Pois bem, essa alma desmanchada em si mesma – e por essa fragilidade mesma de si – se torna capaz de gerar em uníssono com o gerar do próprio Deus, como vida de Deus, em Deus. Por esse gerar, a alma já é sempre unidade de passividade e atividade, de interior e exterior, de ser e operar. Só nessa unidade, em que o operar opera dentro do ser, sem fixar-se para fora, a alma é radicalmente desapegada, desmanchada. Esse operar sem operar é um apelo da alma a ser ela mesma em toda a plenitude de seu ser, que é uno e é múltiplo. Em sua plenitude, a alma opera na medida em que é e é na medida em que opera, simplesmente. Ela opera porque opera, sem nenhuma razão de ser fora desse seu operar. A distinção entre ser e operar não tem valor de uma oposição excludente; antes, ela tende a uma identidade de harmonia no mistério da Filiação divina. Ou seja, o enfoque eckhartiano no ser da alma não despreza a atuação da vida humana, mas a abre para a livre soltura do seu ser. A unidade de fundo da alma não despreza o operar, porque só quer desprezar o lugar de um poder exterior a si mesma. É a alma a se despir de toda a calcificação do pronto feito e dado, habitando a fonte da qual flui o produzir, o fazer e o dar. Essa primazia do ser sobre o operar significa que toda operação da alma é transbordamento da unidade, o que implica que a separação entre ser e operar é fruto de uma perspectiva ilusória de dualidade, na qual opera-se como um poder fora do ser. Quanto menos ilusória é a perspectiva da operação, tanto mais livre é a operação em deixar transluzir a unidade de fundo da alma. Aí o operar não é justificado pelo seu poder atuante sobre isto ou aquilo, mas pelo seu próprio brotar-se.

Disso se pode concluir que a identidade entre o fundo de Deus e o fundo da alma é uma identidade dinâmica – ela mesma não encaminha para lugar nenhum fora do próprio operar – é identidade do e no operar. Ou seja, nesse “lugar” que não é nem um nem múltiplo, por ser ele mesmo unidade que é, ao mesmo tempo, unidade e multiplicidade. Pensar a unidade entre Deus e homem como unidade no gerar é não admitir uma unidade transcendente à multiplicidade criada. No ato de receber e de gerar acontece a unidade da multiplicidade. Ou melhor: essa geração da alma em unidade com Deus é ela mesma a privação da posse de Deus na unidade da recepção. Isso acontece na medida em que a alma, gerando o Filho em unidade com Deus, faz nascer a multiplicidade para a qual ela sai e existe.

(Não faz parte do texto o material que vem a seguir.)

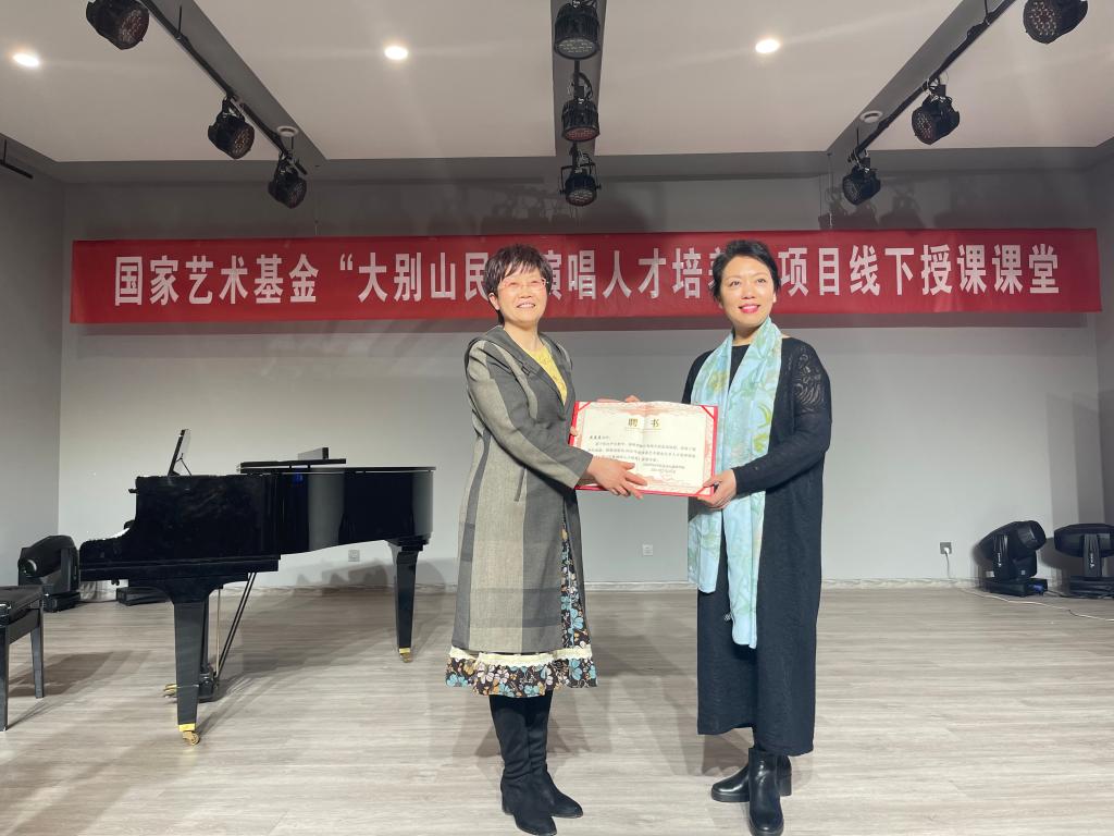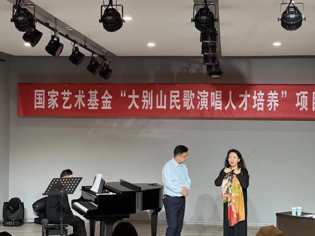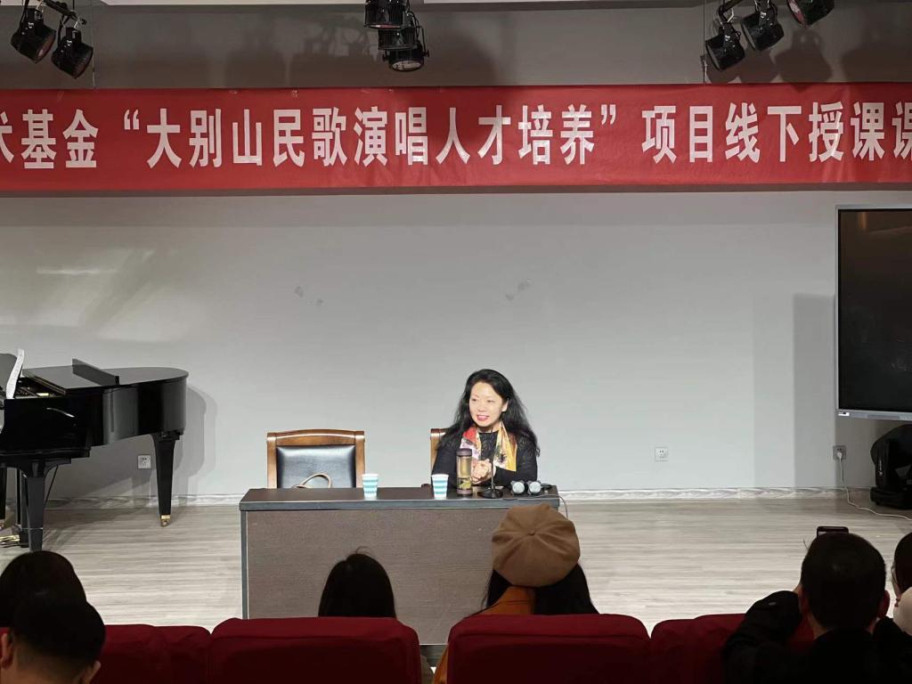 3月11日上午,河南大学音乐学院声歌系主任黄慧慧教授受我院邀请为“大别山民歌演唱人才培养”项目学员授课,课程在太阳集团tyc234cc一楼八音讲堂进行。
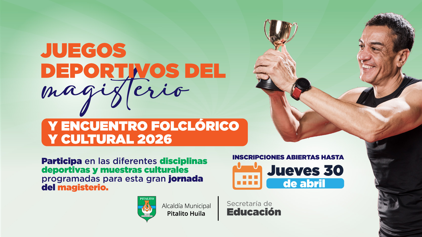 La Secretaría de Educación del municipio de Pitalito se permite dar a conocer aspectos relacionados con respecto a la fase municipal en cuanto a los Juegos Deportivos (JDM), así como para el desarrollo del Encuentro Folclórico y Cultural del Magisterio (EFCM) de conformidad con la Norma General
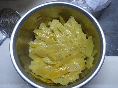 香りと色味を抽出された果皮は脱色されパリパリでした。
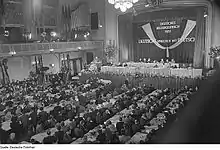 It is often claimed that the building served as a military hospital during the First World War - however, this cannot be proven and is considered rather unlikely.[1] After the war, the house was once again a social meeting place in Leipzig. There was only minor damage during the Second World War, which was soon repaired. In 1947, the Congress Hall was reconstructed and rebuilt (widening of the tiers, lower ceiling, installation of a stage). It thus became the most important social hall in the city of Leipzig.[4]

Mas, a alma é também privada da posse dessa multiplicidade, na medida em que para ela permanece sempre aberta a possibilidade do retorno a Deus:

Deus investe todo o seu poder em sua geração. Isso pertence ao retorno da alma para Deus. E, em certo modo, é angustiante que a alma decaia tantas vezes daquilo em que Deus investe todo o seu poder. Mas isso é preciso pra que a alma torne a viver. Deus cria todas as criaturas em um verbo. Mas, para que a alma volte a viver, ele expressa todo o seu poder em sua geração. Num outro modo, porém é consolador que a alma seja novamente reconduzida ali para dentro [...] A todas as criaturas é próprio o gerar. Uma criatura que não conhece nenhum gerar também não seria. Por isso diz um mestre: Este é um sinal de que todas as criaturas foram produzidas pela geração divina.113

Essa possibilidade de receber e gerar expressa o fundo constitutivo da alma, em sua dinâmica de saída e retorno para Deus: o fundo onde todas as coisas se encontram na unidade de Deus é o mesmo fundo do qual provém toda diversidade. Esse fundo qualifica o dom originário cuja presença na Deidade deve ser cada vez e sempre de novo descoberta pelo homem. Todo o esforço, em Eckhart, de ultrapassar as imagens de relação em ascensão para Deus, não se abstrai para sempre de toda relação, porque só quer abstrair-se do nada que ela é, quando tomada unilateralmente segundo um interesse particular, de modo que ela possa ser praticada segundo a pura relação de Deus em seu brotar-se em si mesmo.